THE TASK
Although pictures appear in the data, the answer should contain only the lines from its start through the line with "Szydełkowe klapki damskie", written out exactly.

####

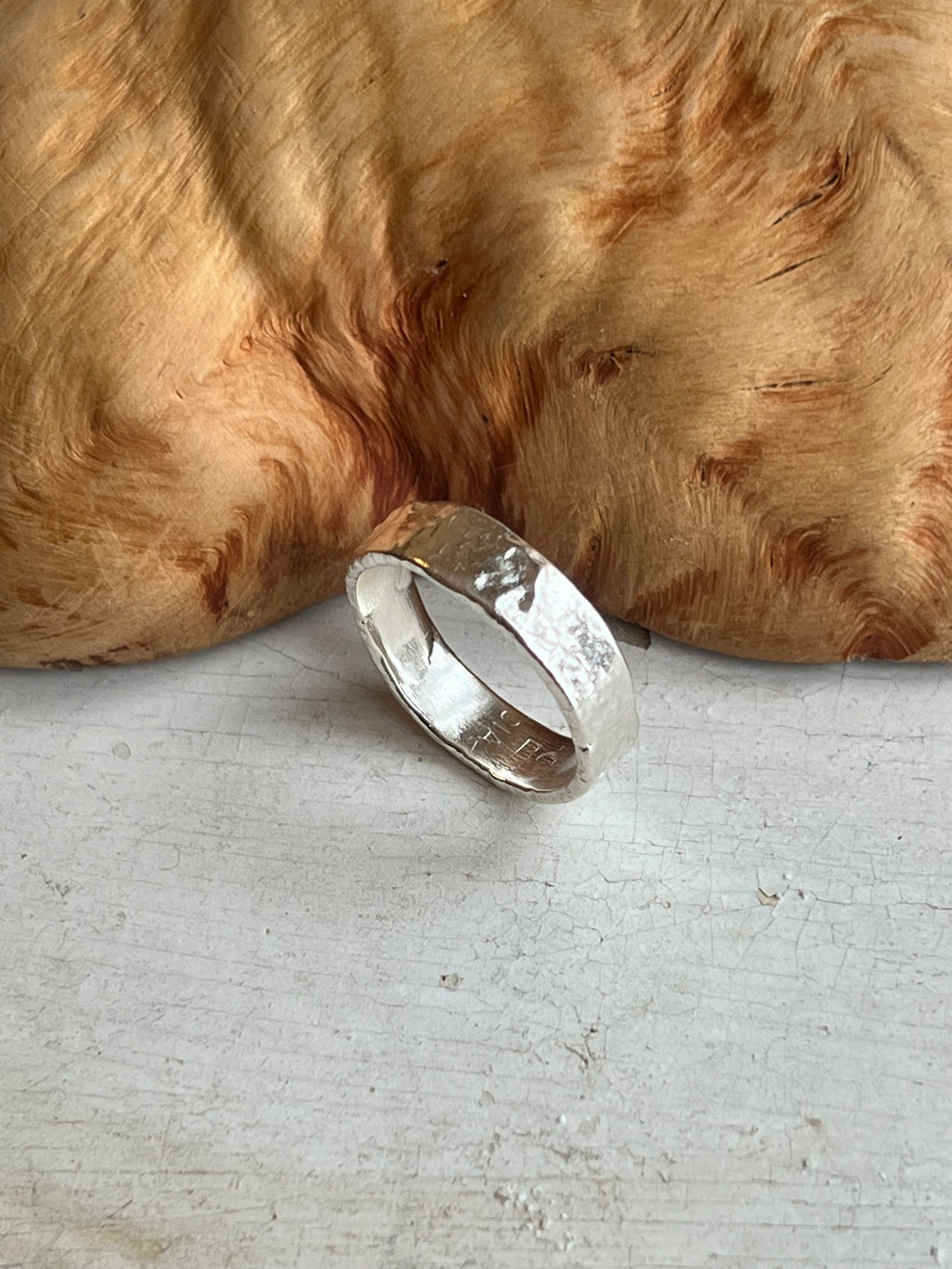 Silverring med ytstruktur.
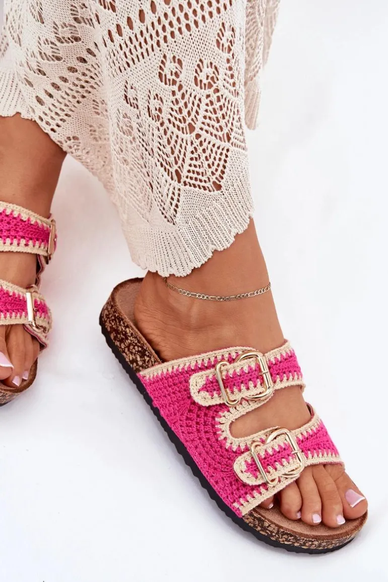 Szydełkowe klapki damskie na korkowej platformie to wyjątkowa propozycja na ciepłe dni. Dzięki profilowanej wkładce z eko zamszu zapewniają komfort i wygodę przez cały dzień. Dwie złote klamry dodają im eleganckiego charakteru. Idealne do letnich stylizacji, te klapki będą doskonałym wyborem do sukienek, spódnic i spodni. Przy wyborze rozmiaru prosimy sugerować się tabelą rozmiarów.
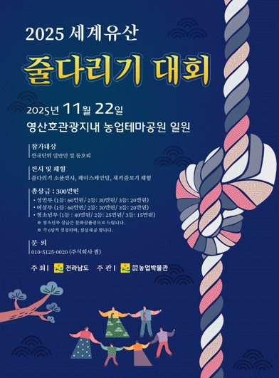 ±è¿Á°æ Àü³²µµ³ó¾÷¹Ú¹°°üÀåÀº ¡°À̹ø °æ¿¬´ëȸ´Â Áٴٸ®±â¶ó´Â ÀüÅë ¹®È¸¦ Çö´ëÀû ¹æ½ÄÀ¸·Î °è½ÂÇϰí, ±× °¡Ä¡¸¦ ³Î¸® ¾Ë¸®±â À§ÇØ ¸¶·ÃµÆ´Ù¡±¸ç ¡°¼¼°èÀ¯»êÀ¸·Î ÁöÁ¤µÈ Áٴٸ®±â ¹®È¸¦ ÅëÇØ Áٴٸ®±â ¹®ÈÀÇ ÀüÅëÀ» ÀÕ´Â ¼ÒÁßÇÑ ±âȸ°¡ µÇ±æ ¹Ù¶õ´Ù¡±°í ¸»Çß´Ù.
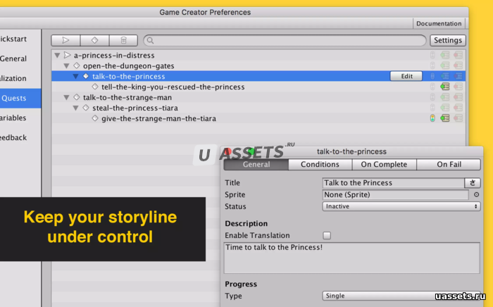 Quests for Game Creator — это идеальный инструмент для создания историй, который дает вам самые современные инструменты для создания задач.
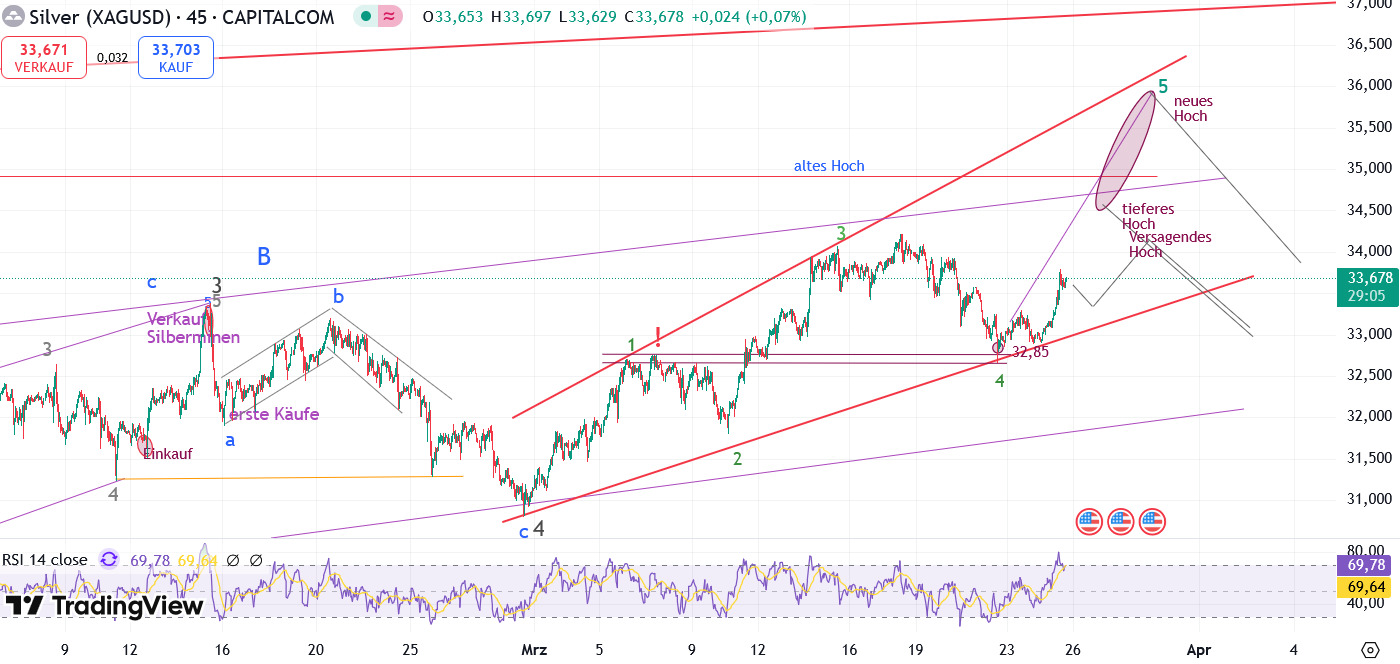 Aus eben demselben Grund eröffnete ich am Freitag auch den Silber-long-Schein bei 32,85 $ (siehe Post vom Freitag) und heute sprang Silber dann deutlich an mit teilw. über +2 % und der Schein war
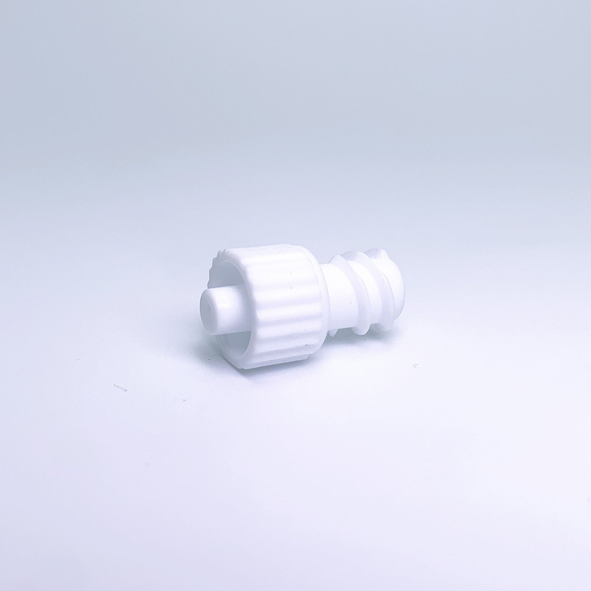 This cap is a make/female dual end cap. The cap provides a non-injectable end cap. This cap does not provide a through fluid path. This Cap is also known as a Duel End Cap.
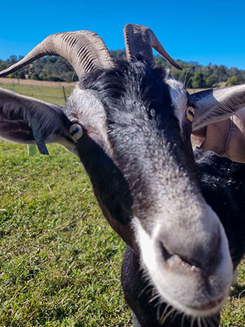 Each goat definitely possesses their own distinct personality and character and ours are cheeky “little’ minxes but very affectionate. They are very loving, loyal and incredibly demanding as well as noisy, especially when it comes to food! They are also extremely smart and curious as well as being excellent escape artists.
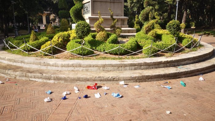 Vandali in azione nella Villa Comunale di Salerno, di via Roma. Ignoti hanno svuotato sui viali i cestini della spazzatura. L'ira del sindaco Vincenzo Napoli: "Uno sfregio inaccettabile. Provvediamo subito a pulire e con le forze dell'ordine troveremo, anche con ausilio telecamere di video sorveglianza, e puniremo i responsabili verificando tutte le ipotesi anche quella di un boicottaggio criminale."

####

RESPONSE TO THIS EXERCISE
 Silverring med ytstruktur.
 Szydełkowe klapki damskie na korkowej platformie to wyjątkowa propozycja na ciepłe dni. Dzięki profilowanej wkładce z eko zamszu zapewniają komfort i wygodę przez cały dzień. Dwie złote klamry dodają im eleganckiego charakteru. Idealne do letnich stylizacji, te klapki będą doskonałym wyborem do sukienek, spódnic i spodni. Przy wyborze rozmiaru prosimy sugerować się tabelą rozmiarów.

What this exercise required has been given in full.